▼▼▼

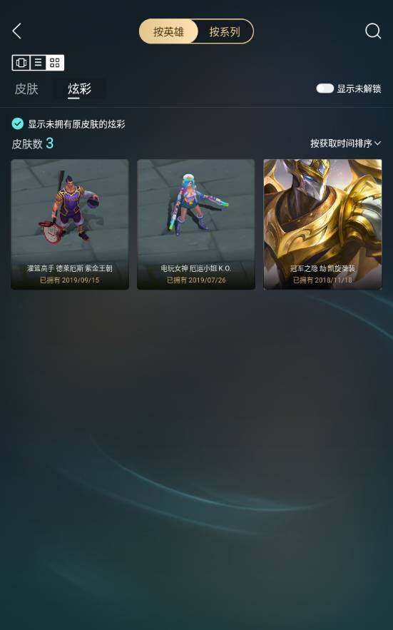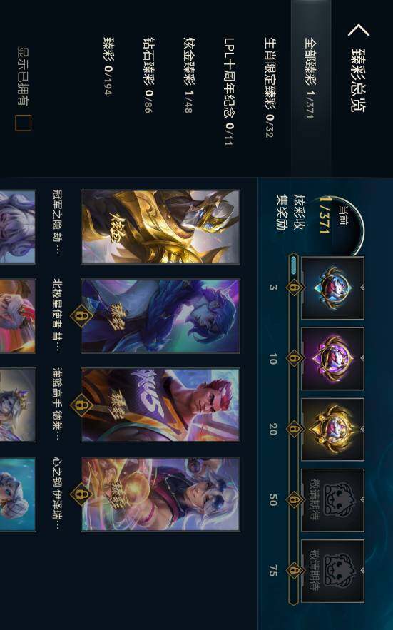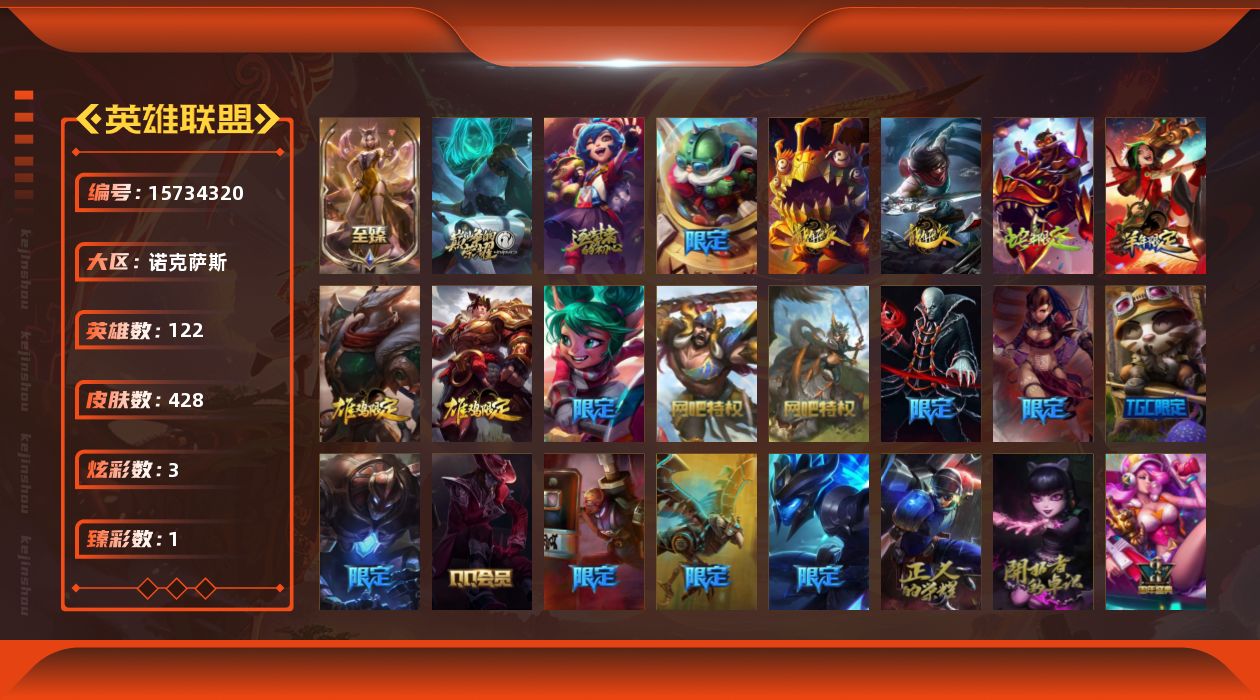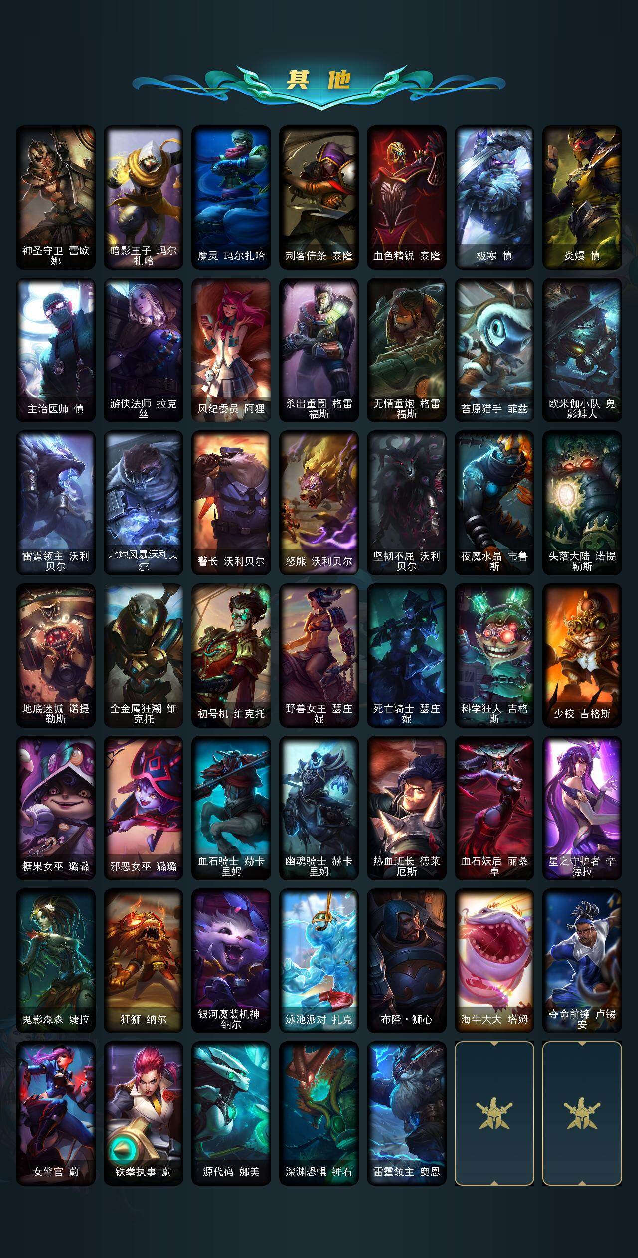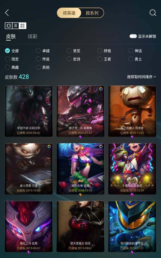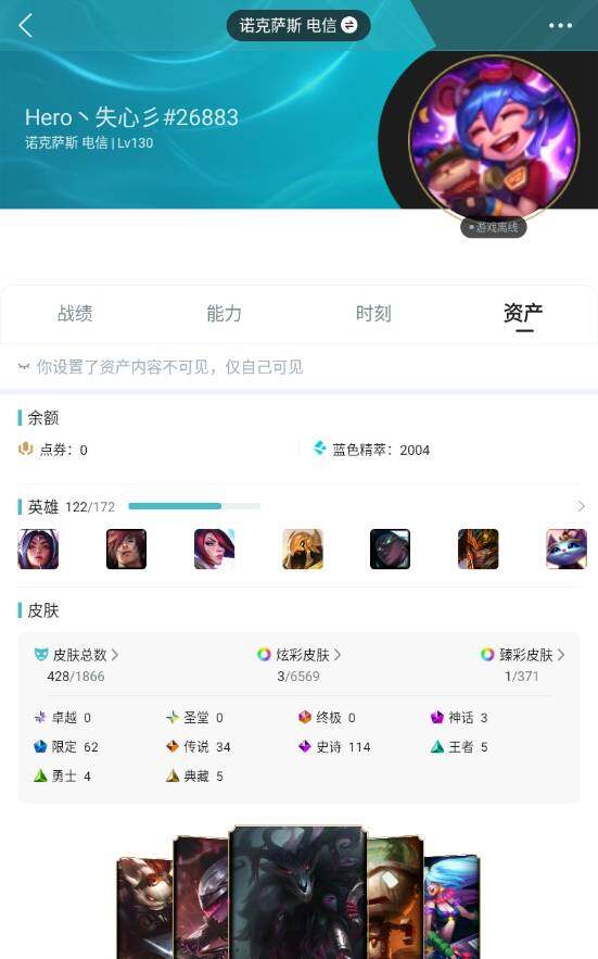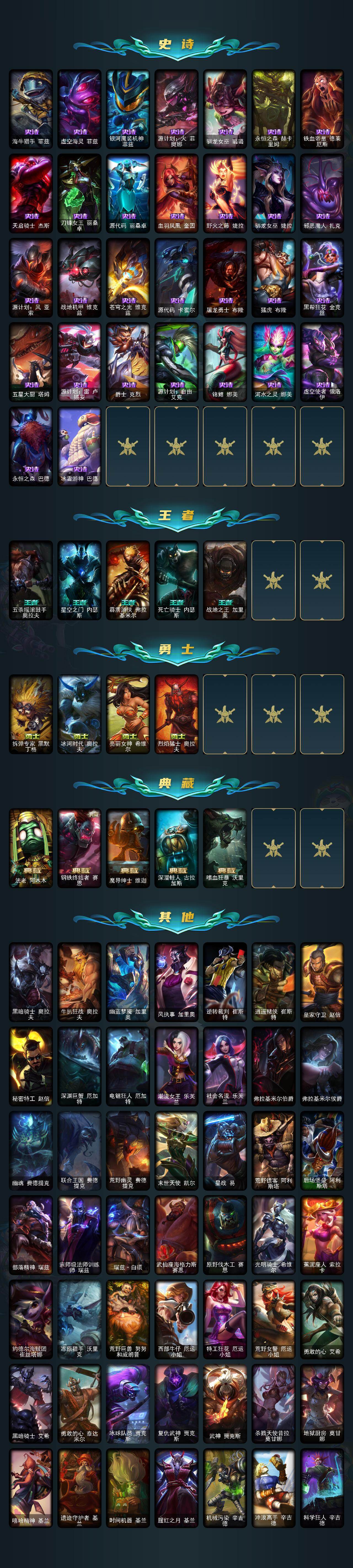 未定级段位-122英雄-428皮肤-3炫彩-0终极-3神话-62限定-34传说-114史诗
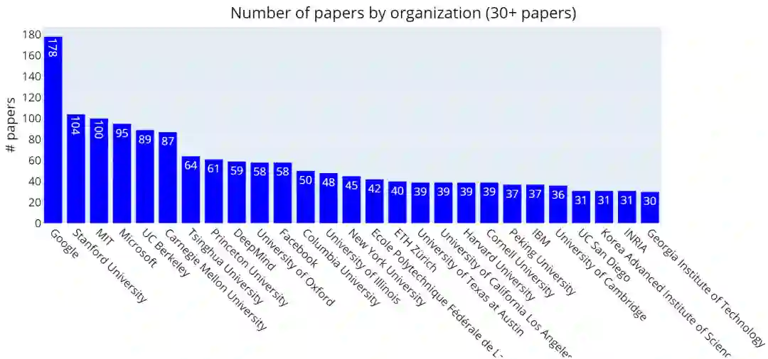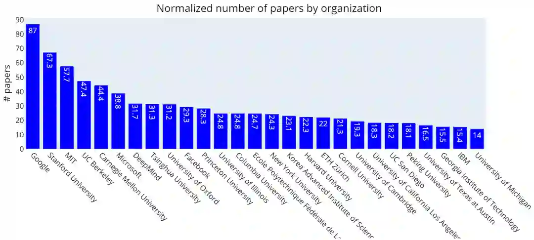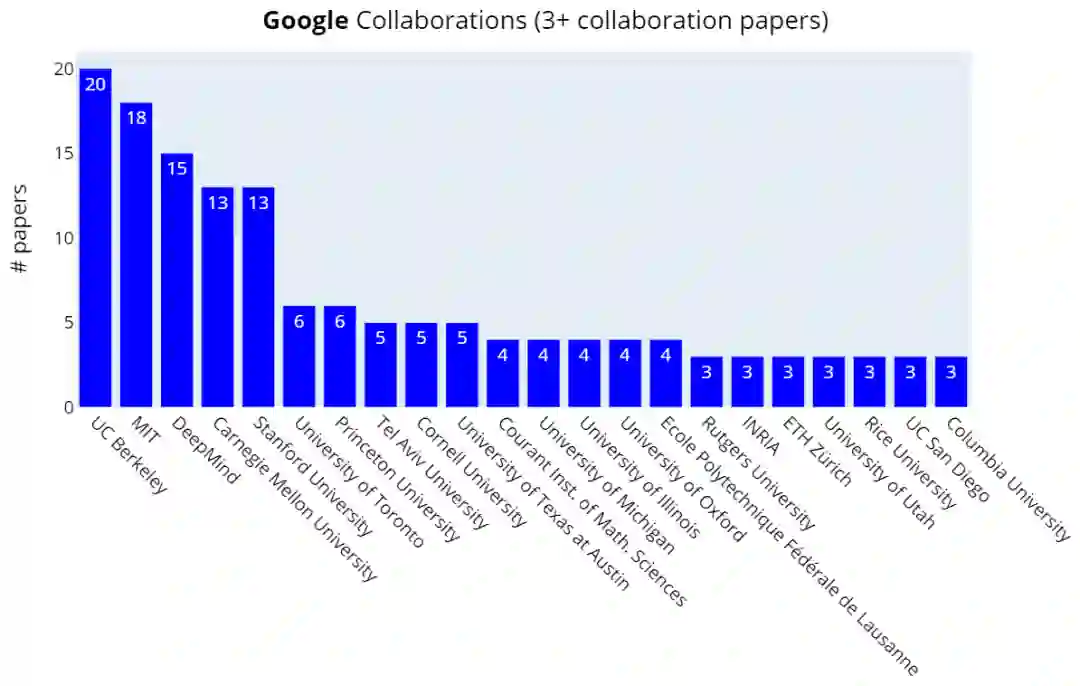 类似于ICML 2020,谷歌、斯坦福大学和麻省理工学院的论文接受数量保持领先。
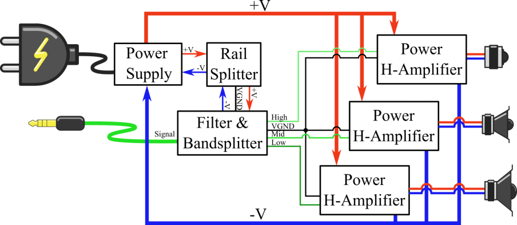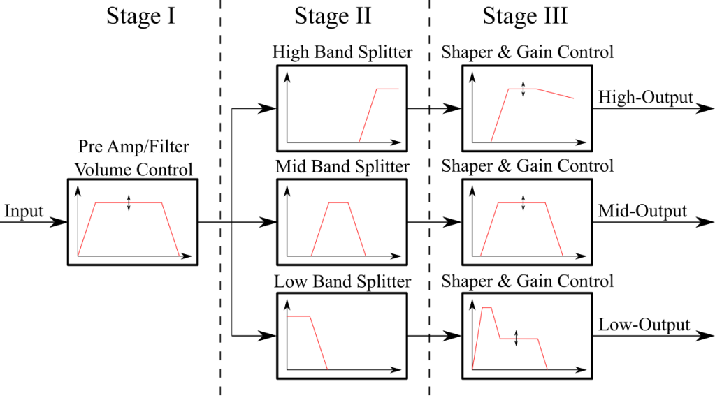 The diagram above shows that in the first stage the input can be variable amplified. Additionally, DC offsets will be blocked and very high-frequency noise suppressed. In the second stage, the signal will be split into the different frequency ranges that each speaker will play. The last stage will add a variable gain for each band and shape the signal to correct the behavior of the speaker and the box.
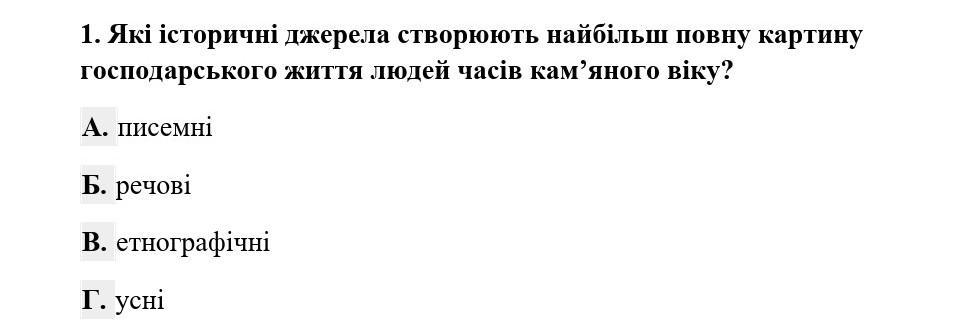 Речові джерела створюють найбільш повну картину господарського життя людей часів кам’яного віку (Б).
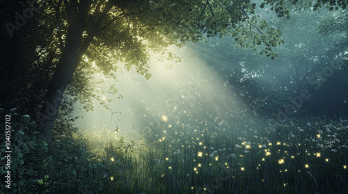Add a thin, shimmering layer of fog that catches light from glowing elements, twinkling softly as it moves through the air. The overall effect should be ethereal, creating a dreamlike atmosphere
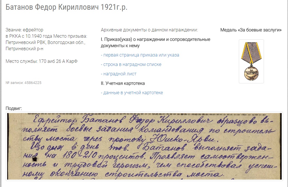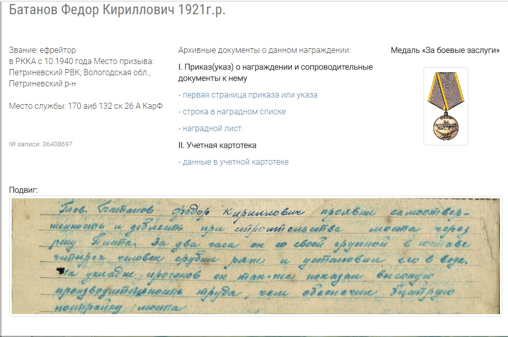 Мой дедушка, Батанов Федор Кириллович, родился 16 июня 1921 года в деревне Галинское Череповецкого района Вологодской области. Осенью 1940 г. был призван на службу в армию. Отслужив меньше года, с началом войны был направлен на фронт. Будучи в звании ефрейтора (воинская часть 170 А.И.Б) 23 сентября 1944 года в Карелии был тяжело ранен в ногу осколком снаряда. Нашедший его раненого, одного в поле, боевой товарищ и командир Шульга более 2 километров волоком тащил до ближайшего полевого госпиталя. В итоге этого ранения дед потерял левую ногу. 19 ноября 1944 года был переведен в г. Вологду, в госпиталь на лечение, там же он встретил Великую Победу. 27 июня 1945 года выписан и направлен домой. Потеряв ногу, дед не потерял себя и волю к жизни: женился, воспитал троих детей, вел хозяйство, работал пожарным, занимался домашними ремеслами. Для меня дед всегда был другом, авторитетом, образцом настоящего мужчины. сейчас, когда его уже нет, я очень по нему скучаю
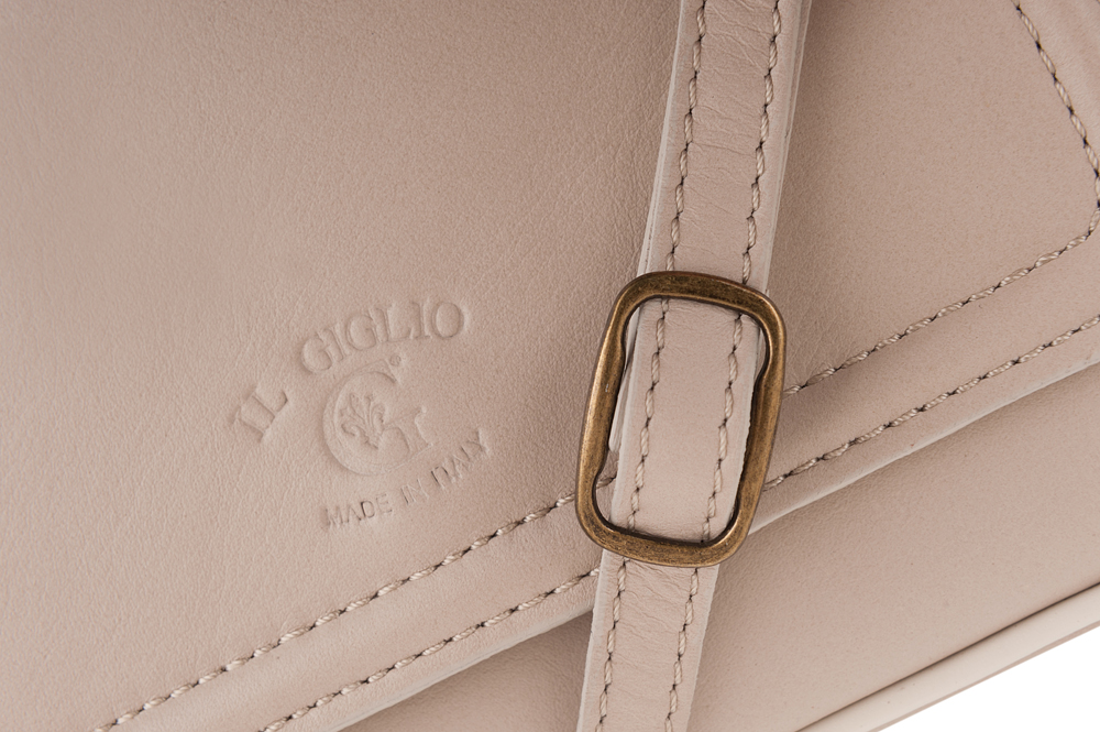 IL GIGLIO Włoska skórzana torebka / listonoszka wykonana z wysokogatunkowej naturalnej miękkiej skóry cielęcej. Zamykana od góry na klapę na magnes. Torebka jednokomorowa przedzielona na środku kieszenią na suwak, wewnątrz dodatkowo jeszcze jedna kieszonka na zamek + kieszonka z przodu pod klapą + z tyłu torebki kieszonka na suwak. Wnętrze wykończone trwałą podszewką. Długi, regulowany pasek umożliwia wygodne noszenie na ramieniu lub przez ramię. Elementy wykończenia w kolorze złotym.

▲▲▲

* [EXERCISE GOAL]: What lines above run from the one with "Речові джерела створюють" to the one with "Мой дедушка, Батанов"? Give them again exactly, ends included, and leave the pictures out.

* [THE ANSWER]:
 Речові джерела створюють найбільш повну картину господарського життя людей часів кам’яного віку (Б).
Add a thin, shimmering layer of fog that catches light from glowing elements, twinkling softly as it moves through the air. The overall effect should be ethereal, creating a dreamlike atmosphere
 Мой дедушка, Батанов Федор Кириллович, родился 16 июня 1921 года в деревне Галинское Череповецкого района Вологодской области. Осенью 1940 г. был призван на службу в армию. Отслужив меньше года, с началом войны был направлен на фронт. Будучи в звании ефрейтора (воинская часть 170 А.И.Б) 23 сентября 1944 года в Карелии был тяжело ранен в ногу осколком снаряда. Нашедший его раненого, одного в поле, боевой товарищ и командир Шульга более 2 километров волоком тащил до ближайшего полевого госпиталя. В итоге этого ранения дед потерял левую ногу. 19 ноября 1944 года был переведен в г. Вологду, в госпиталь на лечение, там же он встретил Великую Победу. 27 июня 1945 года выписан и направлен домой. Потеряв ногу, дед не потерял себя и волю к жизни: женился, воспитал троих детей, вел хозяйство, работал пожарным, занимался домашними ремеслами. Для меня дед всегда был другом, авторитетом, образцом настоящего мужчины. сейчас, когда его уже нет, я очень по нему скучаю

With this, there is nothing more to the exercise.